### Information supplied:
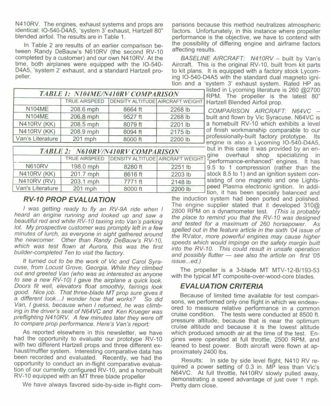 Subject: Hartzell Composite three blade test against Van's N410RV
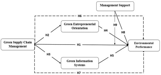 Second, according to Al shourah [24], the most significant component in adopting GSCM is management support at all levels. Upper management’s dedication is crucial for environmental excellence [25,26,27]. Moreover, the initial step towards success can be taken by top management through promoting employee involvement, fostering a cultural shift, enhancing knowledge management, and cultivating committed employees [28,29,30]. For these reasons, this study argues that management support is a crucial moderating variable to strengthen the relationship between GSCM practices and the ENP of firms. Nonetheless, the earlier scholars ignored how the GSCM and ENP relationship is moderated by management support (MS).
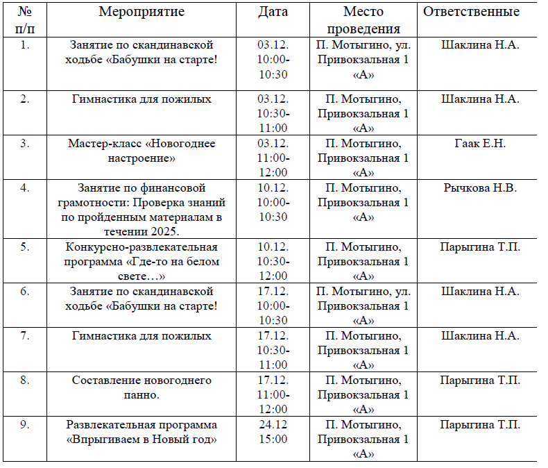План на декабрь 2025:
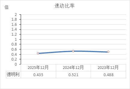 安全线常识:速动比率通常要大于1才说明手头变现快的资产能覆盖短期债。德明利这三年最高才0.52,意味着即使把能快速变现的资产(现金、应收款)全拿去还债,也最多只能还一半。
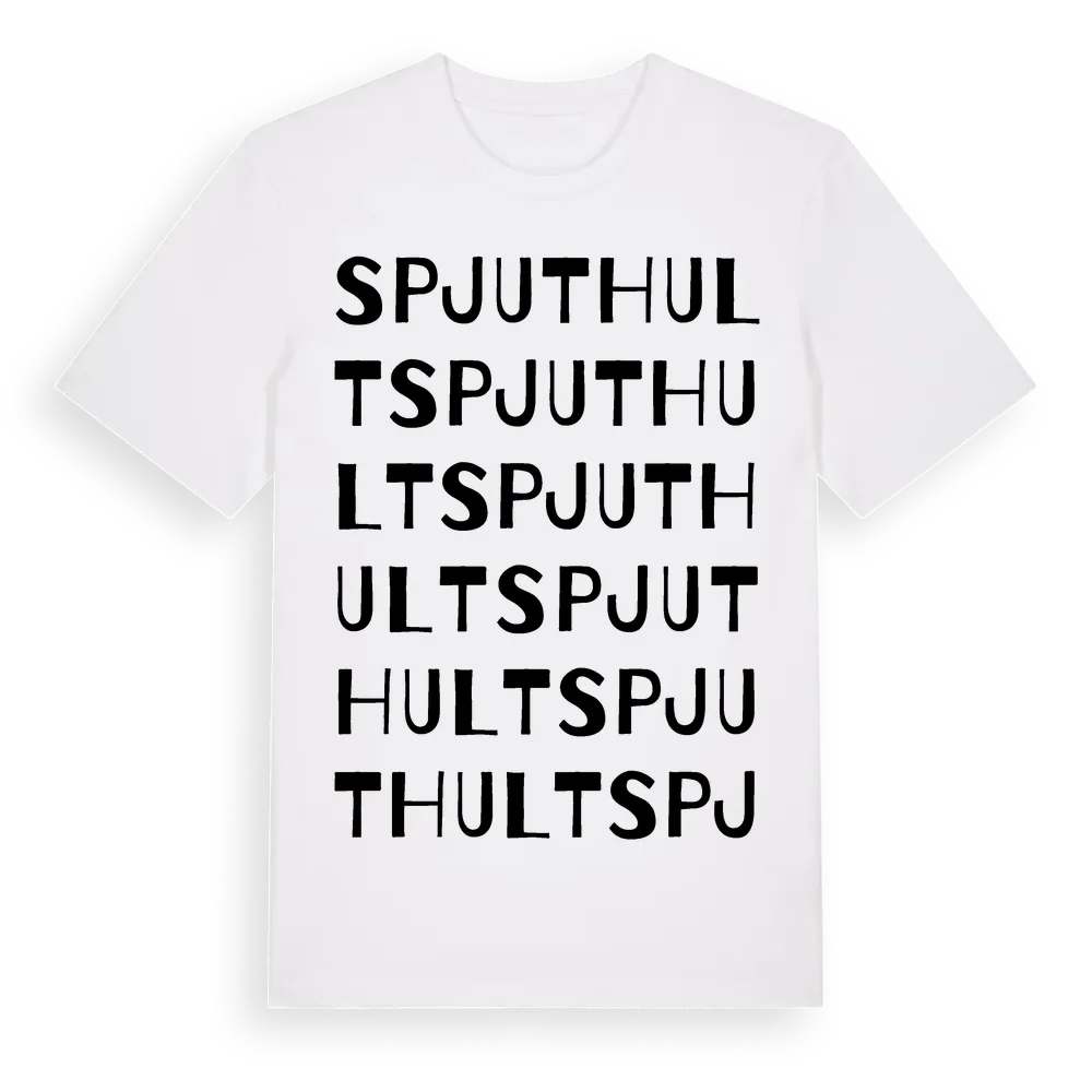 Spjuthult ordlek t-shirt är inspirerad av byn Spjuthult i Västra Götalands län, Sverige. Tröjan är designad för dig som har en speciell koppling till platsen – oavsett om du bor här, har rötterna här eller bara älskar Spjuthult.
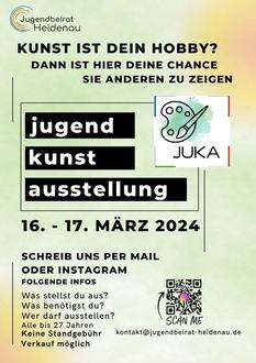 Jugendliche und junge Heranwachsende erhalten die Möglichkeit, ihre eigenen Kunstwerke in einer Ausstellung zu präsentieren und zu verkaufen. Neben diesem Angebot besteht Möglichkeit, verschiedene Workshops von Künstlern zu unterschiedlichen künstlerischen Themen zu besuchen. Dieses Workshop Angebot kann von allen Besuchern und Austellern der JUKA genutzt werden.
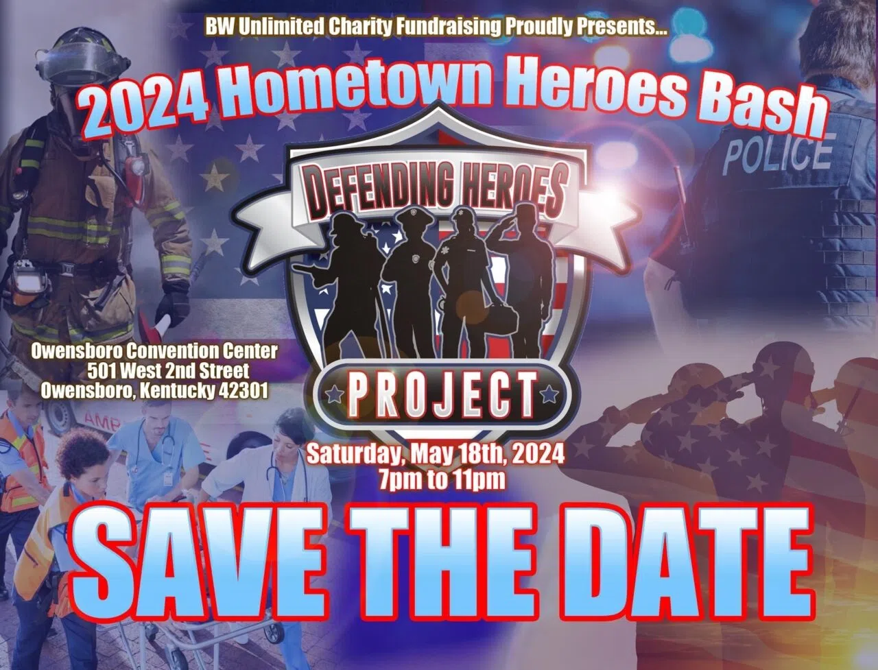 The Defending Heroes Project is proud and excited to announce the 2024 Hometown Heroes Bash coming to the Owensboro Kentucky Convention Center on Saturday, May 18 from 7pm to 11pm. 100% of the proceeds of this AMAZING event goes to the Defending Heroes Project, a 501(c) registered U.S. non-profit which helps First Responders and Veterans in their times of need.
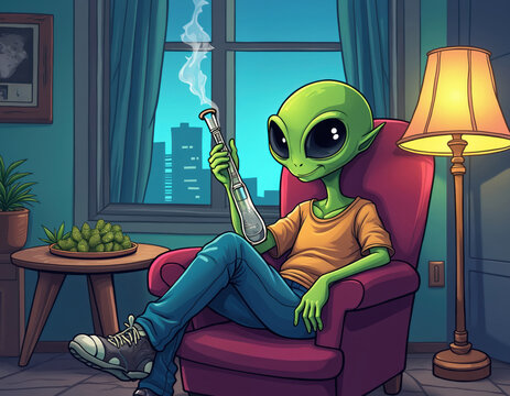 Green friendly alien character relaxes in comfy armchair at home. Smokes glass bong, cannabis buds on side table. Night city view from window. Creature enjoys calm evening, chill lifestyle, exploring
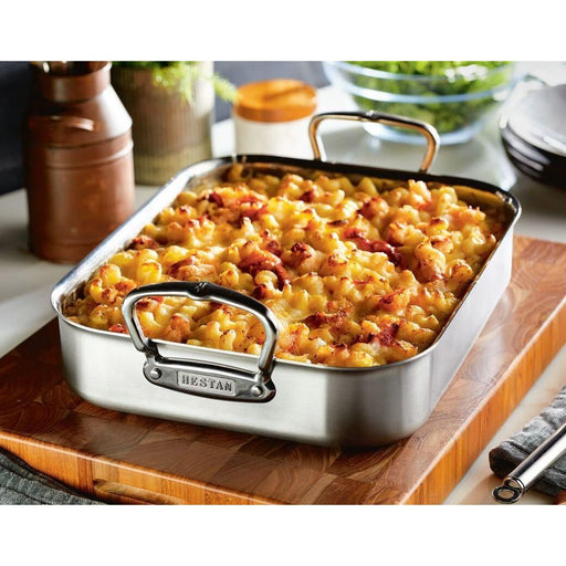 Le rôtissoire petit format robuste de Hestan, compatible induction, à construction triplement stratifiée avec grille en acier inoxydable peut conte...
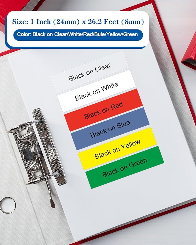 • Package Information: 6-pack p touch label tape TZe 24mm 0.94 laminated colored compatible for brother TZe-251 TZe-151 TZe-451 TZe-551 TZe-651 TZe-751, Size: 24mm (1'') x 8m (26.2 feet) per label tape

==

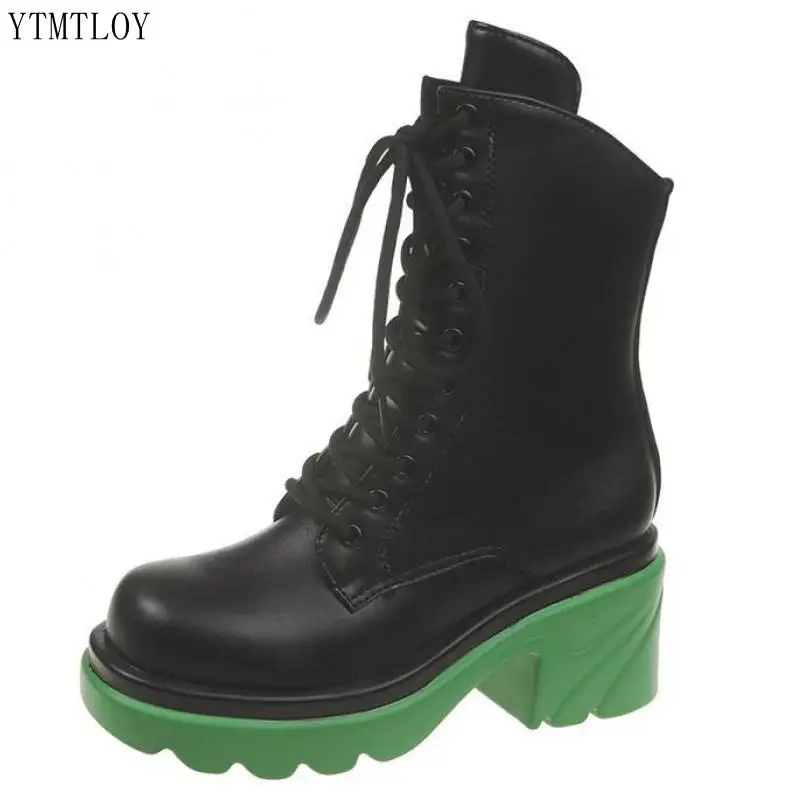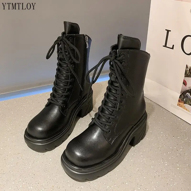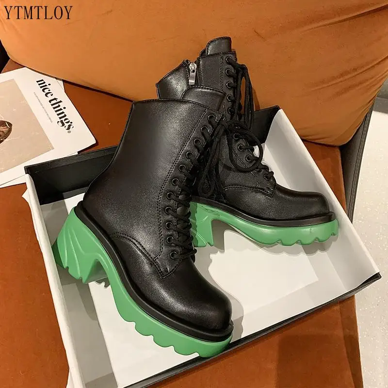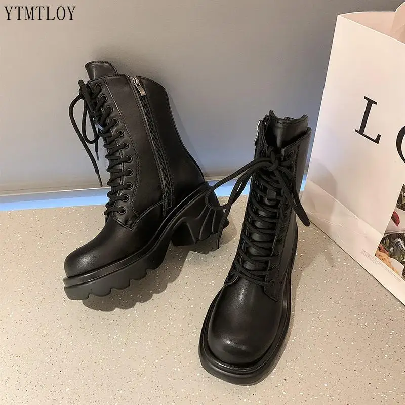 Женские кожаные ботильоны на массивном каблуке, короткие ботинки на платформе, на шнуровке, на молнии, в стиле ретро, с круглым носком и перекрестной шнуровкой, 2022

### The task:
From the data above, retype only the lines starting with the line with "Green friendly alien" and going on through the line with "per label tape", exactly, leaving out the pictures.

### Response box:
 Green friendly alien character relaxes in comfy armchair at home. Smokes glass bong, cannabis buds on side table. Night city view from window. Creature enjoys calm evening, chill lifestyle, exploring
 Le rôtissoire petit format robuste de Hestan, compatible induction, à construction triplement stratifiée avec grille en acier inoxydable peut conte...
 • Package Information: 6-pack p touch label tape TZe 24mm 0.94 laminated colored compatible for brother TZe-251 TZe-151 TZe-451 TZe-551 TZe-651 TZe-751, Size: 24mm (1'') x 8m (26.2 feet) per label tape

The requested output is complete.